Laraine Russo Harper. Legal Tender: True Tales of a Brothel Madam. Las Vegas: Stephens Press, 2008.250 pages.
Legal brothel prostitution is a small, enigmatic part of the Nevada experience. “Direct to your room” escorts get all the advertising and notoriety, but prostitution remains illegal in Clark County and therefore Las Vegas. But the legal brothels, the closest of which to Vegas are in tiny Pahrump, tend to fly under the radar.
In Legal Tender, former madam Laraine Russo Harper recounts the six years she spent running an unnamed Pahrump brothel. It’s an often-amusing collection of anecdotes about her time in the sex business.
Harper was recruited to run the brothel by a friend who had been impressed by her tact and commitment as a casino host. After visiting the dingy trailers that comprised the sex palace, Harper accepted and began a thorough renovation, transforming the brothel into a full-service resort.
Most of Legal Tender revolves around Harper’s struggle to bring class to the tacky brothel scene. One chapter recounts the eccentricities of various “ladies” employed in the brothel, while another discusses the foibles of the customers. It’s told in a humorous vein that tends toward the sophomoric side. Take, for example, this extract:
I laughed as I compared my new endeavor with the gaming business. I remembered in the casino industry that “BJ” stood for “blackjack.” Not anymore! It had a whole new meaning now. Many things would take on new meanings from that point forward. (p. 24)
There’s a great deal of that in the pages to follow. Also, much of the humor is at the expense of the customers, or at least their personal hygiene and fashion sense–not exactly a selling point to the potential patron.

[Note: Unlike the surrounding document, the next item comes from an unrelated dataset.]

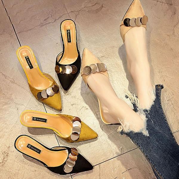 | 変形ヒール スエード サークルプレート ミュール サンダル 黒 ブラック 6cmヒール S/M/L 【秋 サンダル レディース 女性 靴 秋冬 トレンド 黒 ブラック S M L 22.5cm 23.5cm 24.5cm スエード ミュール 歩きやすい】 | |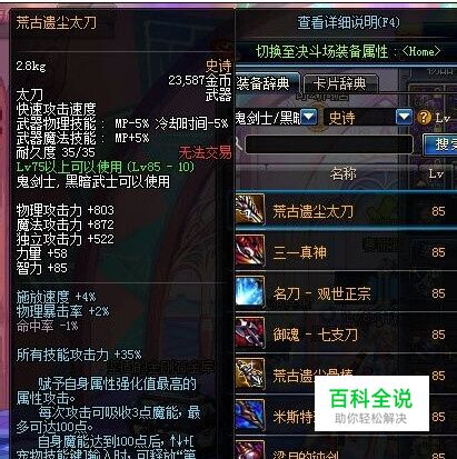 荒古太刀,加技能伤害35% 红眼刷图首选武器

The details of how the brothel works are interesting from many perspectives, but Harper isn’t content to just tell us about life as a madam. Instead, she wants us to believe that brothels are beautiful, egalitarian oases of fulfillment: “The ladies,” she writes, ” did not judge a person based on their looks as we, as a society, tend to do. It was a business and everyone was a potential customer.” Harper goes on about how it doesn’t matter what kind of car you drive or what you do for a living: the brothel ladies are there to make you happy. Couldn’t you say that about any business? I’m sure the folks at Trader Joe’s don’t ring up my order because they like the cut of my jib. They’ve got stuff to sell, and I’ve got money. If I didn’t give them money, they wouldn’t let me walk out of the store with my groceries. There’s nothing noble about it, unless you want to wrap it into the bigger story of capitalism liberating Europe from its feudal slumber. But that happened several hundred years ago, and I don’t think that a Pahrump brothel can take credit for it.

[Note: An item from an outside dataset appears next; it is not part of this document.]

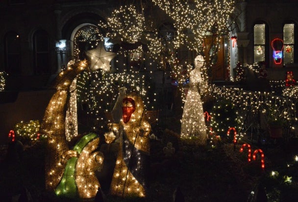 Snoopy and the gang come to celebrate Christmas at these brownstones with angels, snowmen and Santa. Check out these wonderful and creative light displays that have something for everyone.

The book’s worst conceit is that the brothel is about more than exchanging sex for cash:
The ladies who worked in the brothel were indeed dream makers. They weren’t giving fifty-dollar blow jobs in someone’s back seat or giving twenty-dollar hand-jobs in an alley. They fulfilled fantasies. They took you to heights you’ve always dreamed about experiencing. They role-played and pampered and catered. (p. 210)
There’s certainly an argument to be made in favor of legal prostitution. I’m not saying it’s a good one, but there merit to the idea that two consenting adults should be allowed to do what they want. But it’s still selling sex for money, as opposed to sex between people who feel a shared intimacy (or shared whatever). I can understand not being judgmental about it, but there’s no reason to glorify it as something that it isn’t. Similarly, Harper spends a great deal of time talking about what smart businesswomen the “ladies” are, and how they earn more than professionals in more traditional areas like real estate, finance, or retail. But she shoots herself in the foot by discussing the large number of brothel workers who have brutal pimps and are addicted to drugs. There’s a real disconnect, it seems, between the marketing material and the reality here.
There are certainly some interesting stories in here, but the writing style tends to drag the narrative down. Reading the book, you’ll find out that brothels are businesses just like any other, with all the petty bickering and dickering that you’d see anywhere else. That may be Harper’s most significant contribution to the debate about legalized prostitution.